Trump’s victory speaks to a crumbling liberal order

Source: Roar Magazine

Only a reinvigorated left and radical-democratic movements can clear away the ruins of the political establishment and defeat the proto-fascist right.

A political earthquake has just ripped through the world. There can be no doubt that Donald Trump’s victory in the US presidential elections marks a historic breaking point for American politics and the liberal international order established in the wake of World War II. Things simply won’t be the same after this. And yet it’s crucial to remind ourselves that this moment has been a long time in the making.

In recent years, the twin pillars of the postwar world system — global capitalist markets and liberal democratic institutions — have been steadily decaying under the strains of a structural crisis of financialization and a deep legitimation crisis of the neoliberal political establishment. Yesterday’s shock election result indicates that this dual crisis has finally come to a head. Trump himself will eventually move on, but the crisis he speaks to will fester and ultimately overflow the regulatory capacity of even the world’s most powerful state. We are now steadily moving towards the kind of world-systemic chaos predicted by sociologists Giovanni Arrighi and Beverly Silver at the turn of the century.

Here we should immediately dispense with a pervasive and dangerous myth: Trump’s rise cannot simply be blamed on the supposedly extremist and backward views of the American working class.

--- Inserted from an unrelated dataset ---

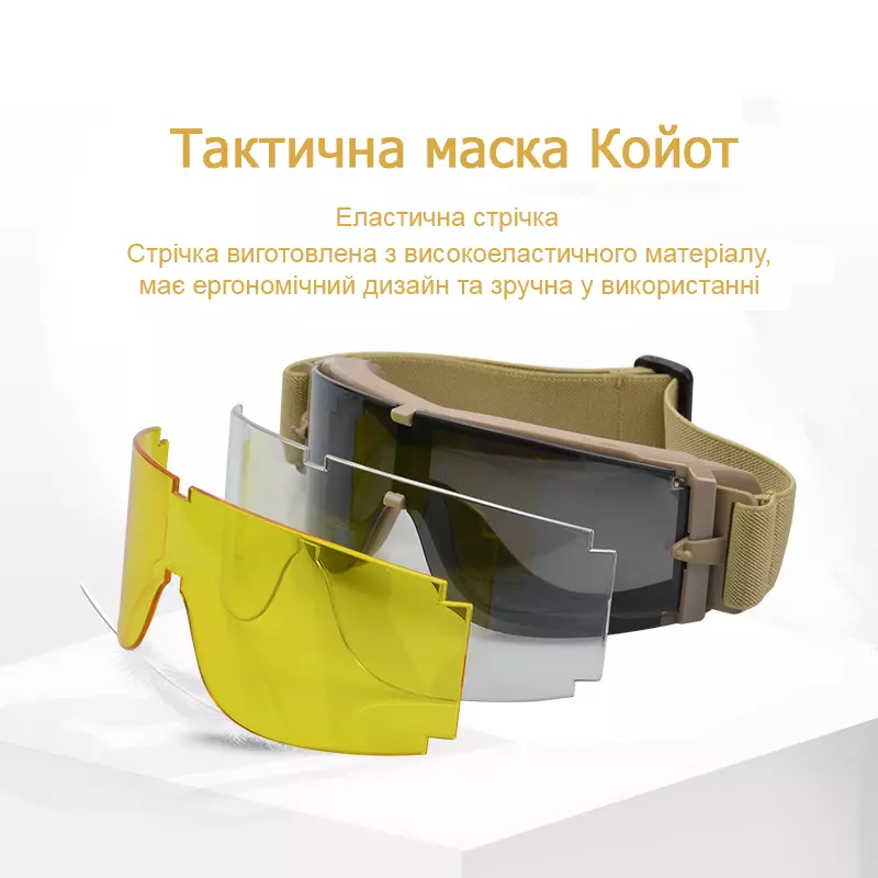- 3 змінні полікарбонатні лінзи (чорна, прозора, жовта)

In the US, at least, the rush to right-wing populism appears to be a middle class response to the dual crisis of global capitalism and liberal democracy. As Paul Mason puts it, “Donald Trump has won the presidency — not because of the ‘white working class,’ but because millions of middle-class and educated US citizens reached into their soul and found there, after all its conceits were stripped away, a grinning white supremacist. Plus untapped reserves of misogyny.”

It was this white middle class, especially men, that handed Trump the presidency: the majority of those making less than $50,000 a year voted for Clinton, while a majority of those making more than that voted for Trump. Almost two in three white men, 63 percent in all, voted for the far-right Republican candidate. But while these numbers certainly do reveal a disconcerting picture about the deeply embedded racism at the heart of American society, Trump’s popularity should neither be overstated nor naturalized. All in all, Trump actually garnered a lower share of the popular vote than either Bush, Romney or McCain. Trump didn’t win because he was popular; Clinton lost because she was so extremely unpopular.